I sip my coffee and consider what matters most, and start there. Obvious stuff, mostly: do the dishes, put them away, do laundry (already started), and put that away, too, take out the trash, break down the recycling and take that out, too. I stop there. I sip my coffee and stare out at the deck awhile. “Peanuts”, I think, as I watch the leaves shift in the wind beyond the sliding glass door, “I’m almost out of peanuts for the squirrels.” I add “get peanuts” to the list, and then, “get gas”. It’s enough. Could I do more? No idea, yet. This will be enough, though, and even gets me out of the house briefly. I consider whether to visit a local market, too; it would be a pleasant outing, and it is perhaps encouraging of further wellness, just that I am interested in considering the excursion. I make that one a maybe, and finish my coffee.

Pacing myself doesn’t really come very naturally to me. I grew up in a sort of “do something, even if it isn’t right” culture of taking action and initiative. Those aggressive cycles of activity and exhaustion make planning and following through on plans more difficult, though, and taking the approach that action comes ahead of thoughtful decision-making got me (someone with a dis-inhibiting executive function impairing brain injury) into way more trouble than it was worth! It’s not my way, these days. I follow a path of consideration and planning, and reliably careful execution, tempered with comfortable adaptability when plans fail. (My results vary.) Plans do fail. That’s just real. 🙂 No point taking that shit personally. Panic and drama are not welcome.

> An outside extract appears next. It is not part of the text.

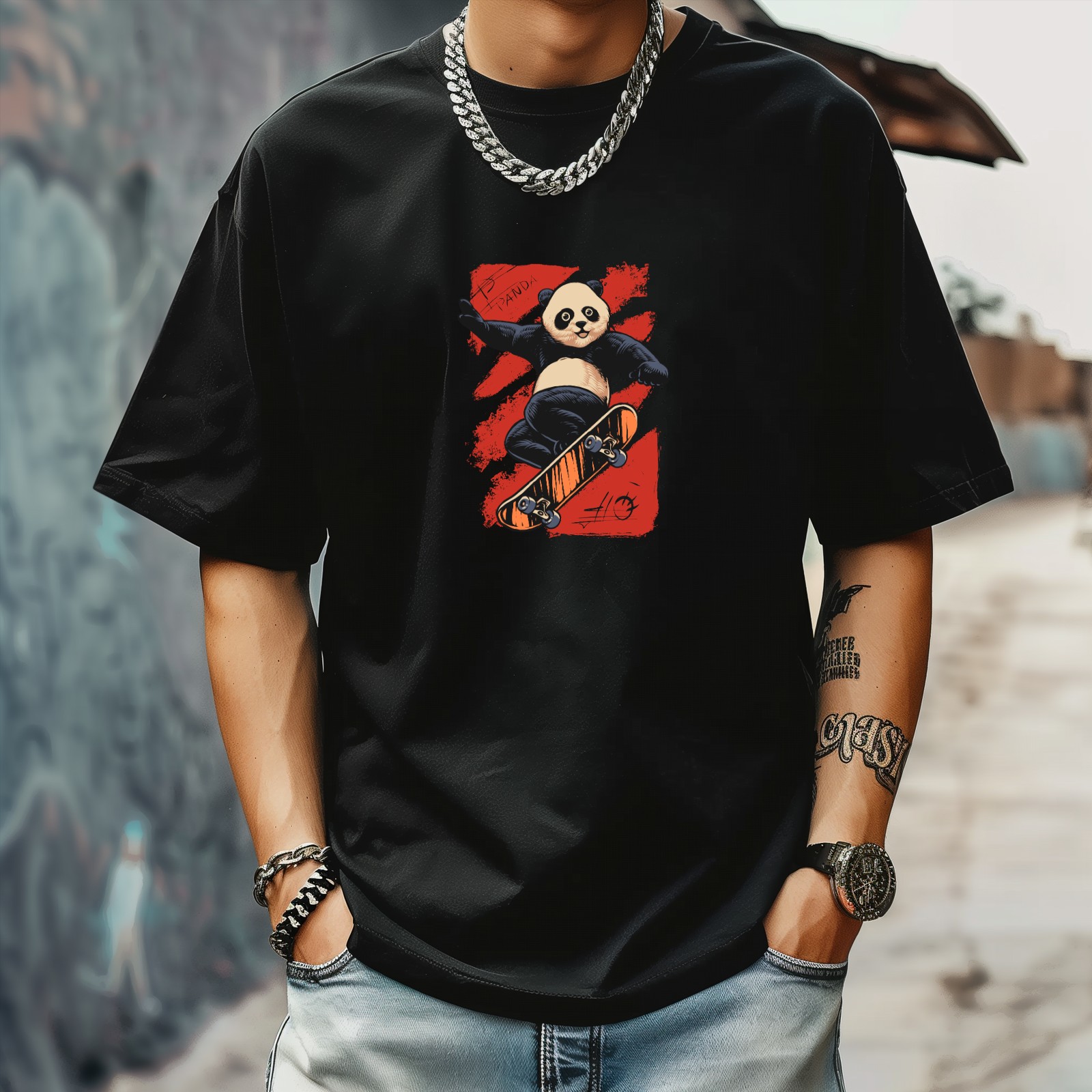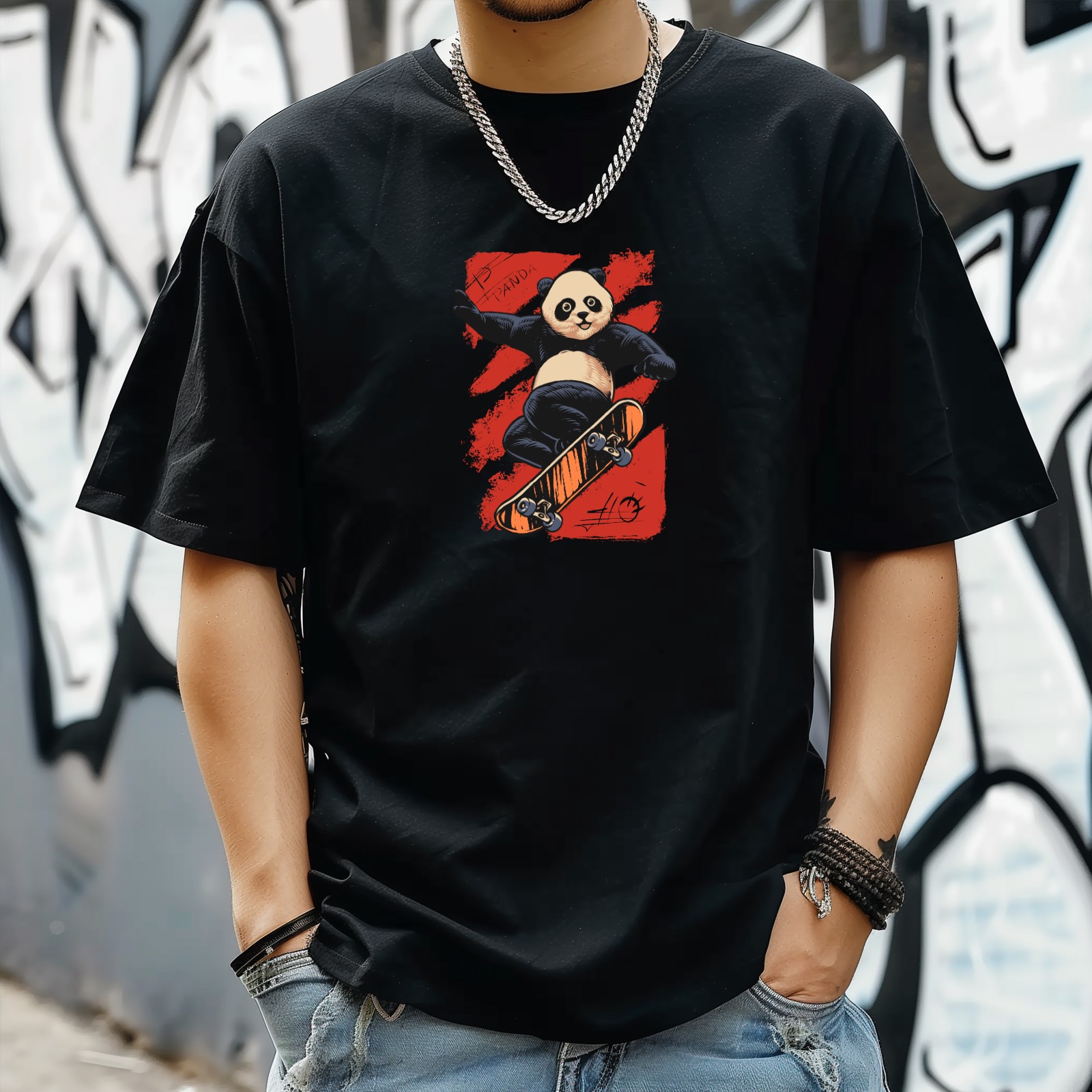 Skate Panda (3) T-Shirt for Man Tops Short Sleeves Shirt Crew Neck Shirt XS

The wind is blowing furiously today. I watch the leaves skitter across the deck, even being lifted from the damp pile of reds and golds back into the air to twirl and drift back down. Autumn. I do love this season. It is my favorite. I’m tempted to take a short hike today. I correct myself to consider only a short walk, instead. Even that might be a bit of a stretch. I sigh quietly; it’s hard to pace myself. The moment I begin feeling better I want to race out into the world in a flurry of activity. It’s a poor choice. I lead my thoughts back to my list, and my more modest plan for the day. It’ll still be autumn next weekend. 🙂

I finish my coffee, and prepare to begin again. The day unfolds ahead of me, built on a gentle plan, and my reminder that self-care is still my highest priority.